> [Work item] Repeat the lines of the data exactly and exclude any picture among them.

> [Collected material]
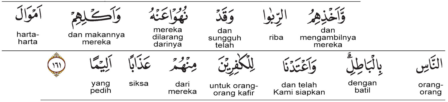 Kata wa akhdzi-him (وَأَخْذِهِمُ) artinya : dan pengambilan mereka. Kata ar-riba (الرِّبَا) artinya : riba.
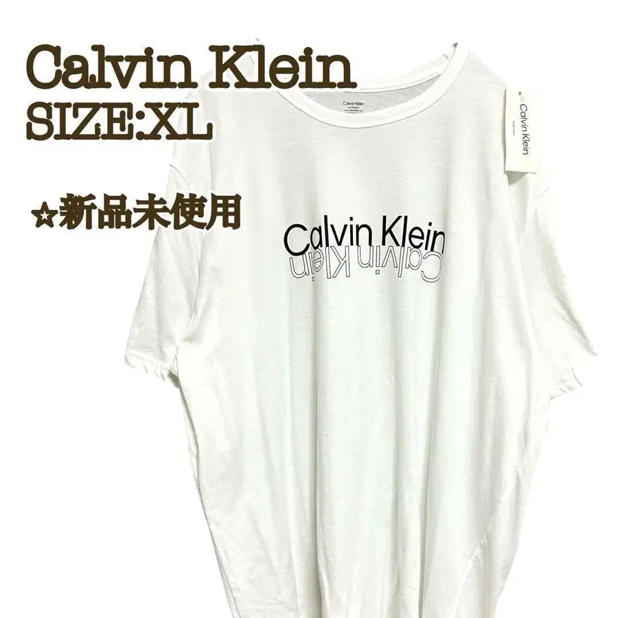 [ 새상품 ] 캘빈클라인 T셔츠 XL 화이트 미러 로고 센터 로고
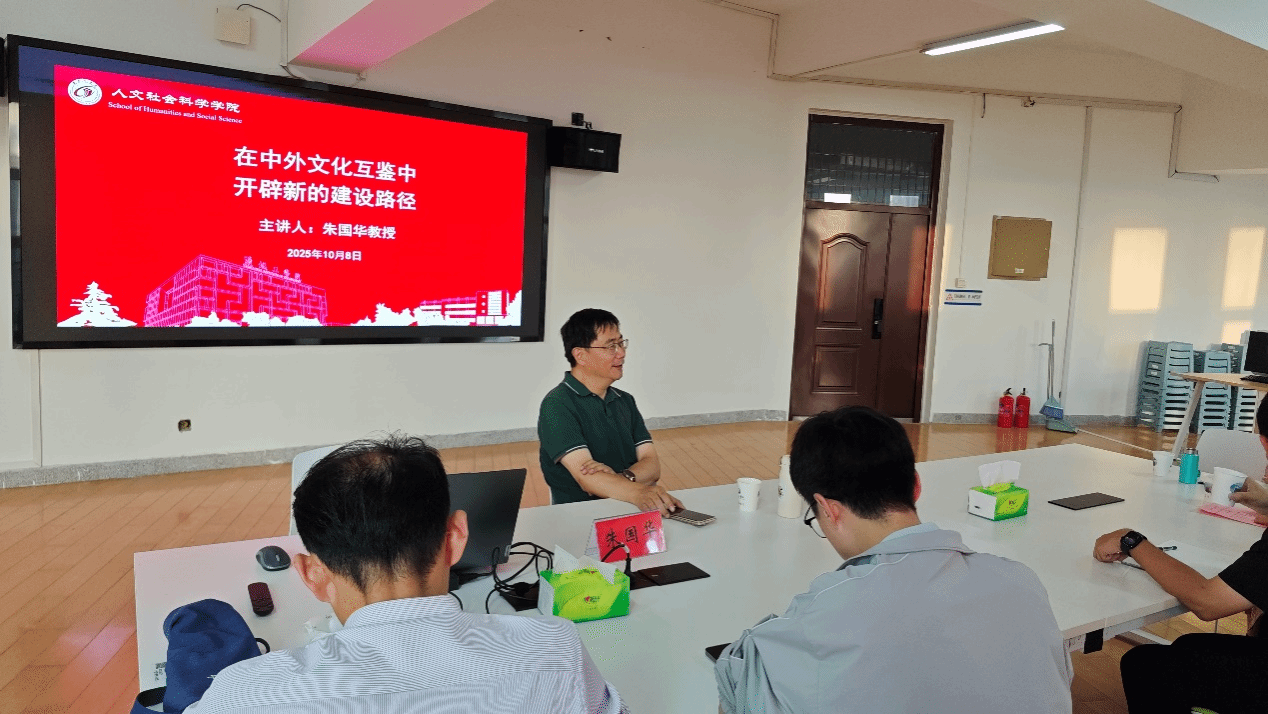 10月8日下午,仁和楼C407气氛热烈。华东师范大学博士生导师、教育部“长江学者”特聘教授朱国华应邀莅临人文学院,以《在中外文化互鉴中开辟新的建设路径》为题,为国际中文教育学科建设提供专题指导。人文学院院长周晓燕主持。国际中文教育专硕点部分导师、青年博士及2025级全体6位研究生参加交流活动。

> [Exercise answer]
 Kata wa akhdzi-him (وَأَخْذِهِمُ) artinya : dan pengambilan mereka. Kata ar-riba (الرِّبَا) artinya : riba.
 [ 새상품 ] 캘빈클라인 T셔츠 XL 화이트 미러 로고 센터 로고
 10月8日下午,仁和楼C407气氛热烈。华东师范大学博士生导师、教育部“长江学者”特聘教授朱国华应邀莅临人文学院,以《在中外文化互鉴中开辟新的建设路径》为题,为国际中文教育学科建设提供专题指导。人文学院院长周晓燕主持。国际中文教育专硕点部分导师、青年博士及2025级全体6位研究生参加交流活动。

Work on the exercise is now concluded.